Hereditary is a difficult movie, both to watch and to describe. To go into too much detail would ruin the surprise of the film – I was lucky to have not seen any details or in fact any trailers before going into my showing. The synopsis gives away pretty much nothing, so what better way to dive into the plot:

When Ellen passes away, her daughter’s family begins to unravel cryptic and increasingly terrifying secrets about their ancestry. The more they discover, the more they find themselves trying to outrun the sinister fate they seem to have inherited.

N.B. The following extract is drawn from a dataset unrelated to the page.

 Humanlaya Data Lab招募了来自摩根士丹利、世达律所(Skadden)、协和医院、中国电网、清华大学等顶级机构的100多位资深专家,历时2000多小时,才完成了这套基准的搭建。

The daughter in question is our protagonist Annie, played brilliantly by Toni Collette, whose family finds themselves in a downward trajectory off the back of her mother’s death. Annie’s husband is hiding big news from her, her son is a stoner, and her daughter keeps drawing weird pictures and hanging out in the treehouse. Everyone plays their part inch-perfectly, but special mention goes out to Milly Shapiro who plays Charlie – the aforementioned arty daughter who seems to be tuned into a very unusual wavelength throughout.
Throughout Hereditary, Aster explores the relationship between Annie and her mother through some very powerful acting moments from Collette. There are a couple of scenes where she gets to just let loose and they are some of the most emotionally powerful moments that I can remember seeing in a movie this year – possibly even rivalling Three Billboards in its lead female performance.

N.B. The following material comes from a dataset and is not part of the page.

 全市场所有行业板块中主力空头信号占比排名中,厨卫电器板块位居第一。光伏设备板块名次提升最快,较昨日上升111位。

As for the horror elements, again it’s difficult to discuss these without giving away too much. It’s important to know though that there are no jump-scares – Hereditary isn’t that kind of movie – but instead Aster intersperses his movie with images that are truly horrifying, and difficult to get out of your head days after seeing them. It’s not a scary film as such, but its intensity and unsettling imagery keep things on the horror path. The final act is pure cinematic madness, and I genuinely couldn’t tell where things were going with 30 minutes remaining.

However, Hereditary is far from a perfect movie; its pacing doesn’t quite work and it takes a lot of time to really get going. Of course a lot of that time is devoted to its characters and a further viewing will no doubt go along a lot more hastily once you start looking for clues that hint towards the movie’s ending.
Possibly the biggest issue is the movie’s marketing; while of course it fully deserves the horror mantle and it is a very good film, Hereditary has been thrown around town as “This Generation’s The Exorcist” and that’s always going to have people draw the wrong impressions. Better comparisons would be to Rosemary’s Baby or Don’t Look Now, and other more character based horror from that Golden Era of the 1970s.

Ari Aster’s first feature-length movie will find a home outside of massive box-office appeal, and there is a good chance that it’ll develop a cult following over time. It remains to be seen if Hereditary will become the classic that many are hyping it up to be, but for now I will happily look forward to whatever the director does next.